Sabo wird in Gummersbach rund ein Viertel der Stellen abbauen. Dies gab das Unternehmen gestern am frühen Abend bekannt. Der Standort selbst soll erhalten bleiben. Im Gegenteil dient die Personalmaßnahme der eingeschlagenen Restrukturierung.
Wie die Sabo-Geschäftsführung ihre Belegschaft am Stammsitz Gummersbach gestern Nachmittag auf einer Personalversammlung informierte, sollen 30 der dort angesiedelten120 Stellen sozialverträglich abgebaut werden. Sabo hat zu diesem Zweck eine Transfergesellschaft gegründet, in der die betroffenen Mitarbeiter, die ausnahmslos aus dem Back-Office, der Verwaltung und zum Teil der Produktion stammen, ab Januar 2021 noch neun bis zwölf Monate lang übergangsweise beschäftitgt werden können. Man habe sich die Entscheidung nicht leicht gemacht, hieß es aus Gummersbach. Aber ohne diese Personalmaßnahme wäre die angestrebte Restrukturierung des Unternehmens nicht zu bewerkstelligen gewesen.
Ja zum Standort
Am Standort selbst will die von der neuen Sabo-Mutter Mutares eingesetzte Geschäftsleitung festhalten. Dies unterstreicht man auch durch die Tatsache, dass man für die dort verbleibenden Mitarbeiter gemeinsam mit der IG-Metall einen Tarifvertrag abgeschlossen hat. Sowohl die Vertreter der Gewerkschaft, als auch ein Großteil der Sabo-Belegschaft hätten den gestern bekannt gegebenen sozialverträglichen Stellenabbau daher auch weitestgehend einvernehmlich hingenommen.
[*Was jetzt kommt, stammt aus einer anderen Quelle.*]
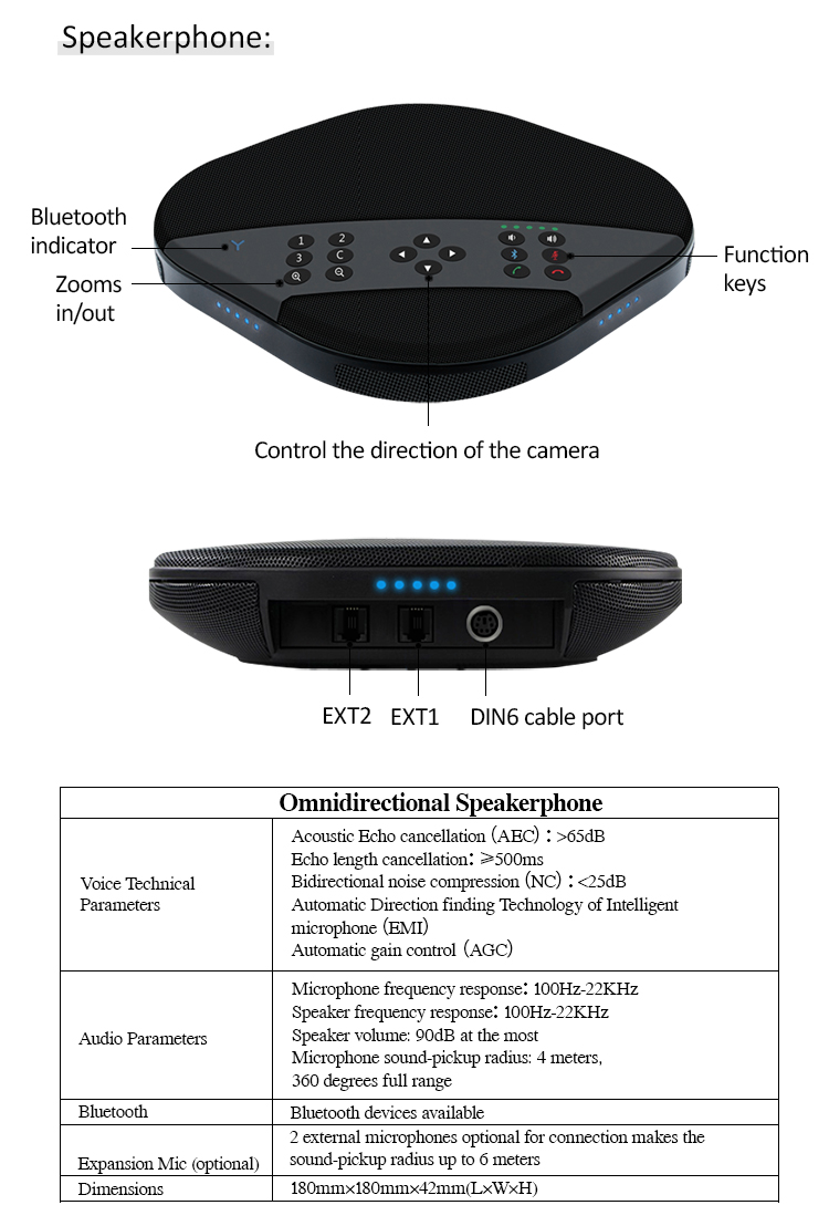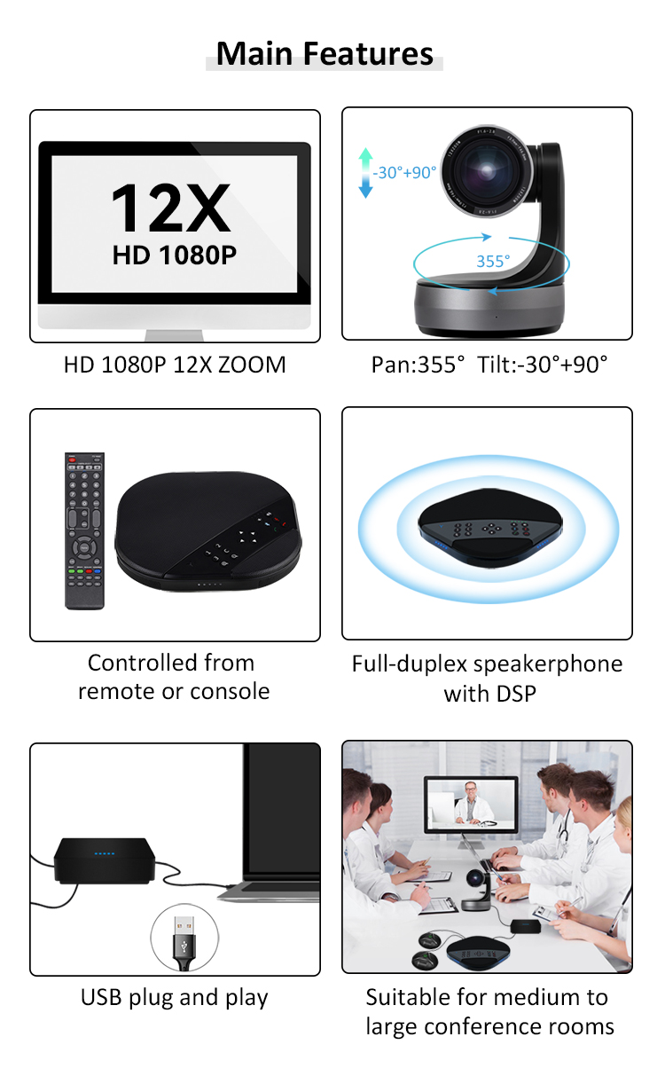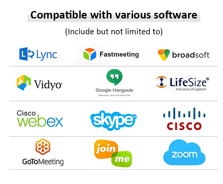 Support Windows, Android, iOS and Linux Drive-free automatic recognition of cameras, microphones and speakers Compatible with Zoom, Lynch, Vidyo, Skype for business and etc. |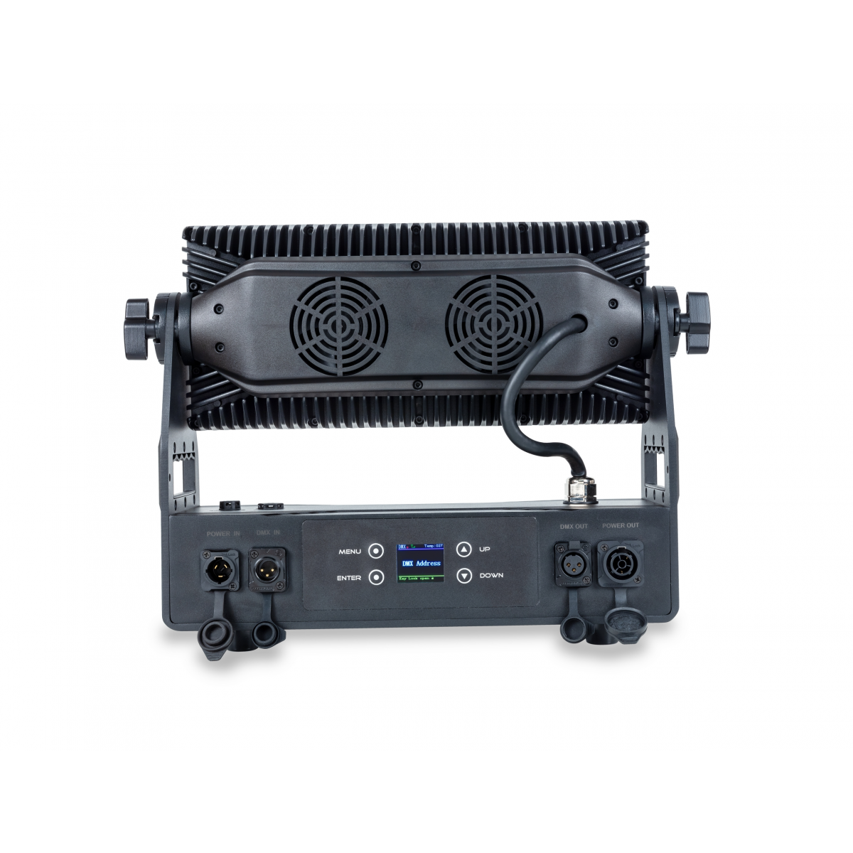 Tra le caratteristiche tecniche principali figurano la dimmerazione fluida, una frequenza di refresh selezionabile fino a 9,6 kHz per un funzionamento flicker-free, e una configurazione master-slave per sincronizzazioni ottimali. Il sistema menu consente inoltre di attivare/disattivare il funzionamento wireless, eseguire reset di fabbrica e supporta la compatibilità con RDM (Remote Device Management).

Restrukturierung geht weiter
Einzahlen soll der Stellen- und damit Kostenabbau auf die Restrukturierung von Sabo. Demnach sei dieser Schritt im Zuge der weiteren Planungen für das mittelständische Unternehmen unumgänglich. „Wir hatten seit der Übernahme durch Mutares einen guten Start und verzeichnen ein Umsatzplus im Vergleich zum Vorjahr. Nichtsdestotrotz ist ein Stellenabbau aufgrund der weiterhin wirtschaftlich sehr herausfordernden Situation unumgänglich“ erläutert Fatmir Veselaj, der von Mutares bei Sabo eingesetzte Geschäftsführer. „Unser vor 100 Tagen eingeleitetes umfangreiches Turnaround-Konzept sieht neben dem Stellenabbau eine signifikante Gemeinkostenreduktion vor, die weitestgehend abgeschlossen ist. Durch die Personal- und Gemeinkostenreduktion bilden wir die Basis für unsere sehr ambitionierten Wachstumsziele. Wir schaffen es zudem, den Standort Gummersbach zu sichern, was für uns von Beginn an von höchster Priorität war“, versicherte er.
Vertriebsmannschaft bleibt
Nicht betroffen von dem personellen Einschnitt ist der Vertrieb. Im Gegenteil soll gerade dieser ebenso wie die Neuheitenentwicklung und die Digitalisierung weiter gestärkt werden. "Alles, was Fact to the Customer ist, bleibt", unterstreicht Peter Nortmann, bei Sabo zuständig für Marketing und Vertrieb, gegenüber Motorist . Die durch die Personalreduktion frei werdenden Gelder wolle man vielmehr "in die richtigen Dinge investieren". Dazu zählt neben einer deutlich verschlankten Organisation am Standort Gummersbach die Entwicklung neuer Produkte, insbesondere im Akkubereich. Bereits im März kommen demnach neue Handhelds in den Handel. Auch die Internationalisierung steht weiter oben auf der Agenda. Vor allem in Frankreich, Italien und Polen sei das Interesse von Händlern und Distributoren an der Marke Sabo in den letzten Wochen deutlich gestiegen, so Nortmann.